- Born: 1921 Harbin, China
- Died: 1990 (aged 68–69)
- Education: University of California, Berkeley, University of Texas, Galveston, University of Washington
- Spouse: Arthur Whiteley
- Scientific career
- Fields: Microbiology
- Workplaces: University of Washington

= Helen Riaboff Whiteley =

American microbiologist

Helen Riaboff Whiteley (1921–1990) was a microbiologist who spent most of her research career at the University of Washington.
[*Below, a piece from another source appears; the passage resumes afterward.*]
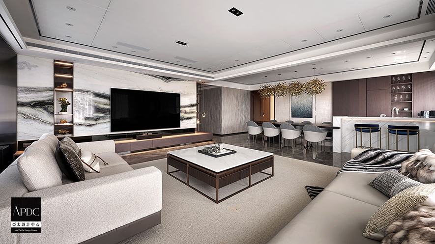 ▲客廳牆面以淺色為主,佐搭大面積落地窗,打造開闊明亮空間感,電視牆深色陳列櫃前垂墜半弧月形吊燈,圓潤線條與整體風格相協調,中央擺放深色底部、白色桌面茶几,周圍環繞灰白雙色沙發,色調平衡,體現設計的一致性。

==Early life and education==
Whiteley was born in 1921 to Russian parents in Harbin, China. The family immigrated to the United States in 1924, first settling in Washington and later moving to California. Whiteley studied microbiology at the University of California, Berkeley, where she received her B.S. in 1941. She then earned a master's degree from the University of Texas, Galveston and her Ph.D. from the University of Washington, where her husband Arthur Whiteley was at the time an assistant professor of zoology. After graduating in 1951, Whiteley returned to California and spent two years working for the United States Atomic Energy Commission.

==Academic career==
Whiteley returned to the University of Washington in 1953 and became a full professor in 1965. She held several leadership roles with the American Society for Microbiology, chairing its division of physiology and its publications board; she served as the society's president in 1976. Whiteley also chaired a committee for collaboration in microbiology research between scientists in the US and the Soviet Union.

==Research==
Whiteley's research focused on the physiology of bacteria. She is best known for work with colleague Ernest Schnepf studying insecticidal proteins (known as Cry proteins) found in the bacterium Bacillus thuringiensis. This work laid the foundation for genetically modified organisms that transgenically express insecticidal proteins.

==Personal life==
Whiteley met her husband Arthur as a student at Berkeley. He held a professorship at the University of Washington when she began her Ph.D. research there. Her research and success at earning research funding have been credited with prompting the university to revise its rules against employing both members of a married couple as faculty.

Helen died in 1990 at age 69. Years later, Arthur founded the Helen Riaboff Whiteley Center in her honor, which is located at the Friday Harbor Laboratories and is designed as a working retreat for scientists, scholars and artists. Arthur died after a brief illness in 2013 at age 96.